2. Type II Embrasures:

   • Description: These embrasures have larger spaces due to some loss of attachment, but the interdental papillae are still present.
   • Recommended Cleaning Device:
     • Interproximal Brush: For Type II embrasures, interproximal brushes are recommended. These brushes have bristles that can effectively clean around the exposed root surfaces and between teeth, providing better plaque removal than dental floss in these larger spaces.

3. Type III Embrasures:

   • Description: These spaces occur when there is significant loss of attachment, resulting in the absence of interdental papillae.
   • Recommended Cleaning Device:
     • Single Tufted Brushes: Single tufted brushes (also known as end-tuft brushes) are ideal for cleaning Type III embrasures. They can reach areas that are difficult to access with traditional floss or brushes, effectively cleaning the exposed root surfaces and the surrounding areas.

Dark Field Microscopy in Periodontal Microbiology

Dark field microscopy and phase contrast microscopy are valuable techniques in microbiological studies, particularly in the field of periodontal research. These methods allow for the direct observation of bacteria in plaque samples, providing insights into their morphology and motility. This lecture will discuss the principles of dark field microscopy, its applications in periodontal disease assessment, and its limitations.

Dark Field Microscopy

• Definition: Dark field microscopy is a technique that enhances the contrast of unstained, transparent specimens, allowing for the visualization of live microorganisms in their natural state.
• Principle: The method uses a special condenser that directs light at an angle, creating a dark background against which the specimen appears bright. This allows for the observation of motility and morphology without the need for staining.

Applications in Periodontal Microbiology

1. Alternative to Culture Methods:

   • Dark field microscopy has been suggested as a rapid alternative to traditional culture methods for assessing bacterial populations in periodontal plaque samples. It allows for immediate observation of bacteria without the time-consuming process of culturing.

2. Assessment of Morphology and Motility:

   • The technique enables direct and rapid assessment of the morphology (shape and structure) and motility (movement) of bacteria present in plaque samples. This information can be crucial for understanding the dynamics of periodontal disease.

3. Indication of Periodontal Disease Status:

   • Dark field microscopy has been used to indicate the status of periodontal disease and the effectiveness of maintenance programs. By observing the presence and activity of specific bacteria, clinicians can gain insights into the health of periodontal tissues.

Limitations of Dark Field Microscopy

1. Analysis of Major Periodontal Pathogens:

   • While dark field microscopy can visualize motile bacteria, it is important to note that many major periodontal pathogens, such as Aggregatibacter actinomycetemcomitans, Porphyromonas gingivalis, Bacteroides forsythus, Eikenella corrodens, and Eubacterium species, are motile.
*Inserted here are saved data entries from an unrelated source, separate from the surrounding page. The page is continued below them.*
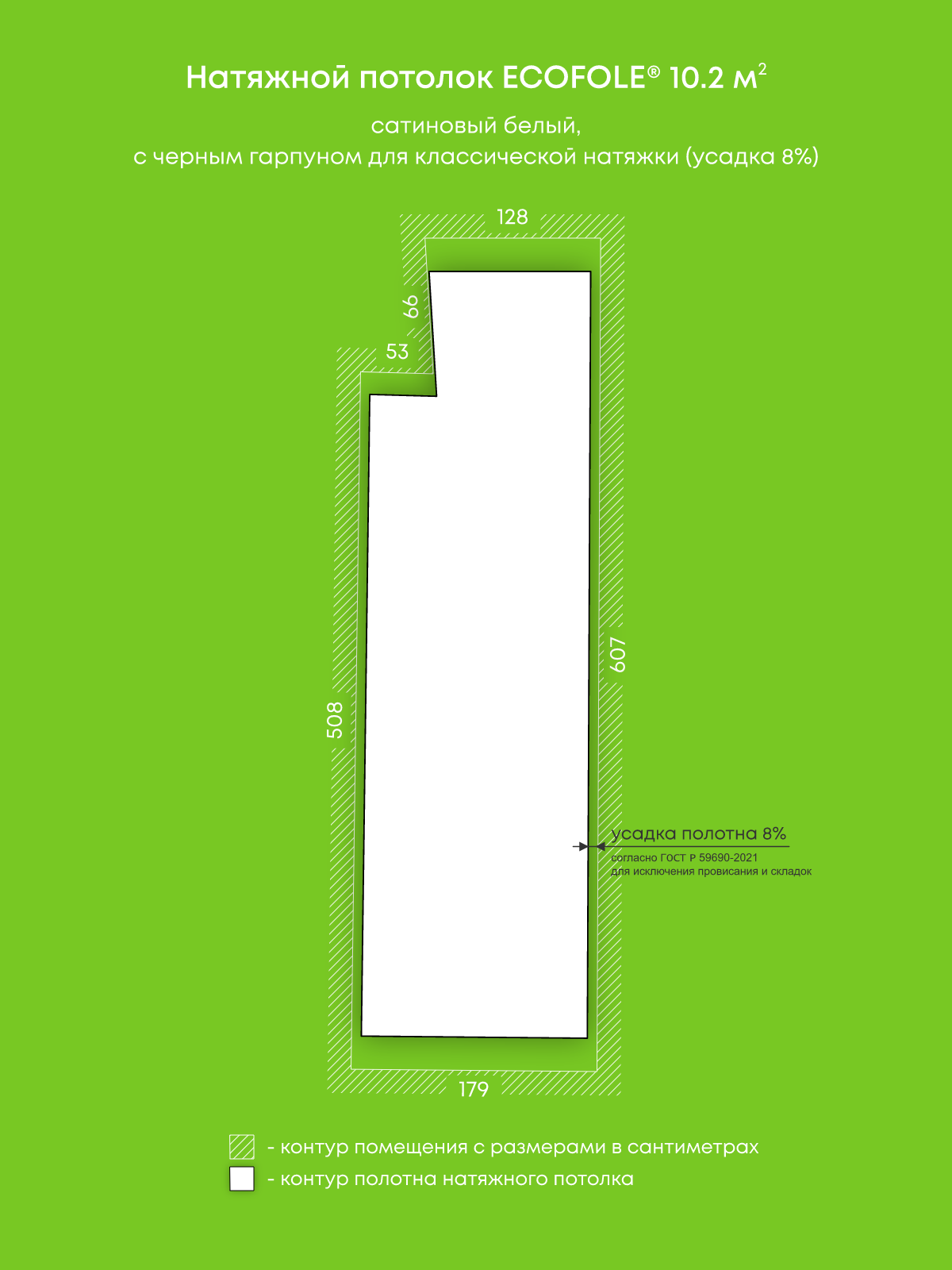 Натяжной потолок белый сатиновый, изготовленный по индивидуальным размерам покупателя, для помещения площадью 10.2 м2
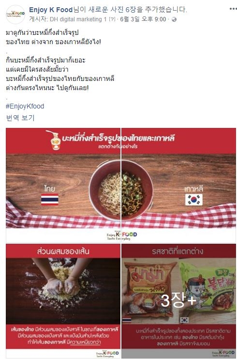 이미지 확대보기베트남의 경우 인터넷 사용자 10명 중 9명이 페이스북을 사용할 정도로 SNS의 파급력이 높으며, 태국은 2017년 기준 스마트폰 보급률이 70%를 넘은 가운데 페이스북 사용자가 4700만 명에 달한다. 미얀마 역시 인터넷 사용자의 80%가 페이스북을 사용하고 있어 아세안 시장 마케팅을 위해서는 SNS 채널 공략이 무엇보다 중요하다. 이에 따라 aT에서는 페이스북 등 SNS에 팬페이지를 개설하여 한국 농식품을 홍보하고 있다.
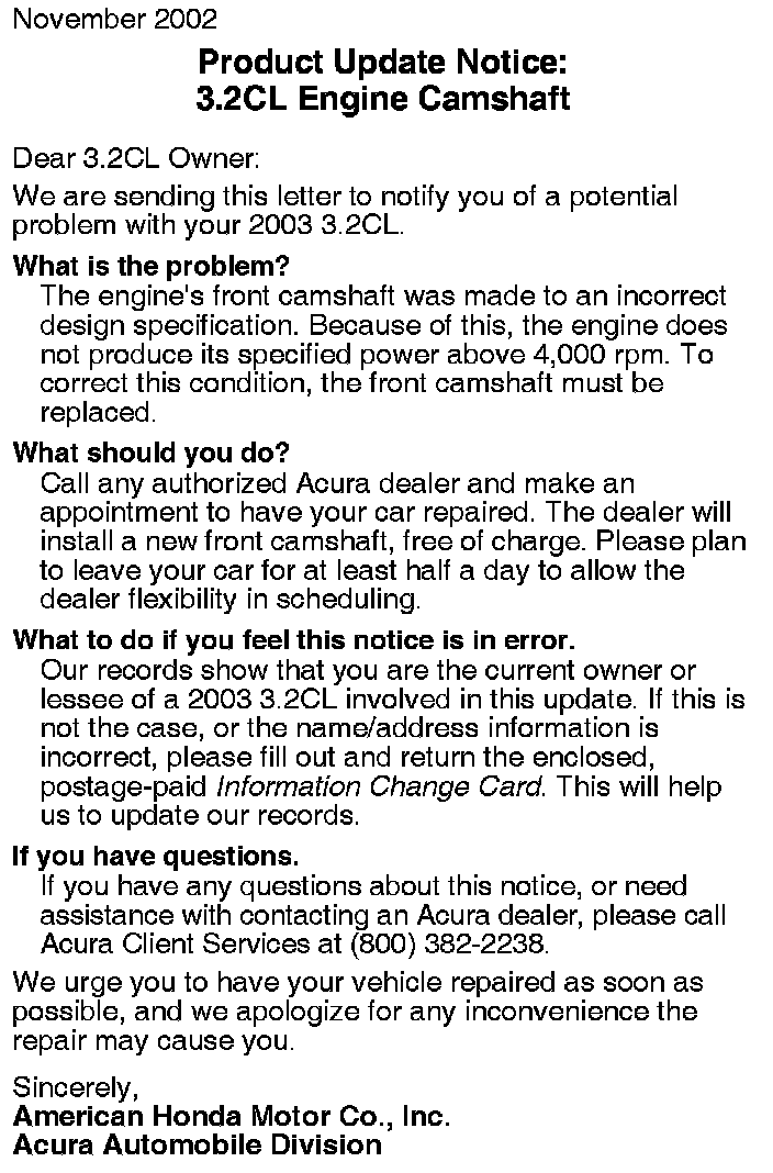Campaign - Front Camshaft Replacement
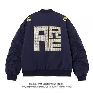 春秋季街头藏青色飞行夹克高级感痞帅工装刺绣外套潮牌棒球服夹克
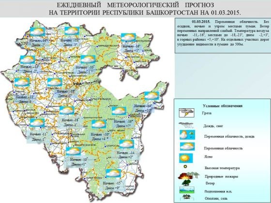 В Башкирии сегодня будет теплая, весенняя погода. Как сообщают метеорологи, ожидается переменная облачность, без осадков, утром местами туман, слабый ветер. Температура воздуха днем: от −2 до +3 градусов, в горных районах Башкирии: от +5 до +10 градусов.
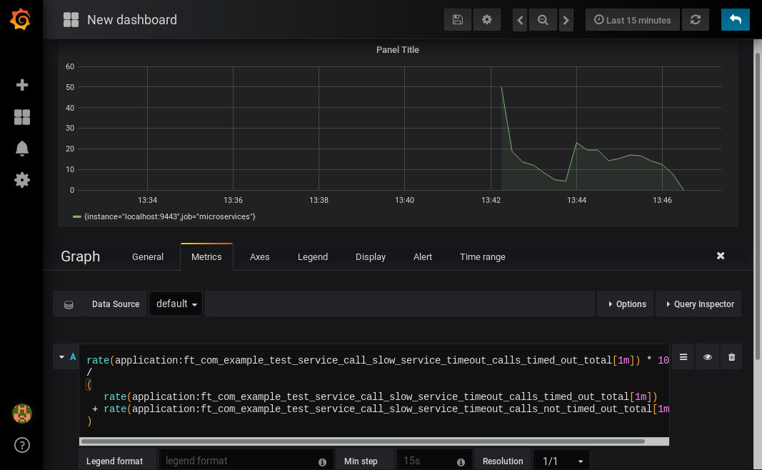 You might wonder why we added together the two metrics rather than using the invocations_total metric we saw earlier. The reason is that if the method was also annotated with @Retry, then each retry attempt would get its own timeout and would be counted towards either the timed_out or not_timed_out metric.

However, the technique may not provide detailed information about their specific characteristics or pathogenic potential.
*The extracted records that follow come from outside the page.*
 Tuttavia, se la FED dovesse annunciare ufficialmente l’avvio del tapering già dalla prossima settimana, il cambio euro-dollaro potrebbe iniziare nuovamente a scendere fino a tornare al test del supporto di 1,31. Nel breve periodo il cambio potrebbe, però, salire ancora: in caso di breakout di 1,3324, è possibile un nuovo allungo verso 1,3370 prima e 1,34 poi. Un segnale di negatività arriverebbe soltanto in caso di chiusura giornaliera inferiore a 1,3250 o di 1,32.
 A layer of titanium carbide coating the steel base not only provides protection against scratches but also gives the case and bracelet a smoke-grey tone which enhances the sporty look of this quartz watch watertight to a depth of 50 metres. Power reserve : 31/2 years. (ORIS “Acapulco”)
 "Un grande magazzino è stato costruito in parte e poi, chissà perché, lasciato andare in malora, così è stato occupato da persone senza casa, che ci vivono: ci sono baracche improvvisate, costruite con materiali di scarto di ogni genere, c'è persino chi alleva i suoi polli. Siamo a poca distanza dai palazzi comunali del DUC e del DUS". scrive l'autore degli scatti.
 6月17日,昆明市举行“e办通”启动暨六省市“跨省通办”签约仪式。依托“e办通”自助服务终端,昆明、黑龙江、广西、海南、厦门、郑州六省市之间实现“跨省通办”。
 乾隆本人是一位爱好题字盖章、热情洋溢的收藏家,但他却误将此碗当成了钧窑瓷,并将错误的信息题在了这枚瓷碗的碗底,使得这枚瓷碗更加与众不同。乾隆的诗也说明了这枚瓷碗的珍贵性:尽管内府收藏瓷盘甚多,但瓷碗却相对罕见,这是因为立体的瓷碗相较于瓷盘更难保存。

2. Differentiation of Treponema Species:

   • Dark field microscopy cannot differentiate between species of Treponema, which is a limitation when identifying specific pathogens associated with periodontal disease. This lack of specificity can hinder the ability to tailor treatment based on the exact microbial profile.

3. Limited Quantitative Analysis:

   • While dark field microscopy allows for qualitative observations, it may not provide quantitative data on bacterial populations, which can be important for assessing disease severity and treatment outcomes.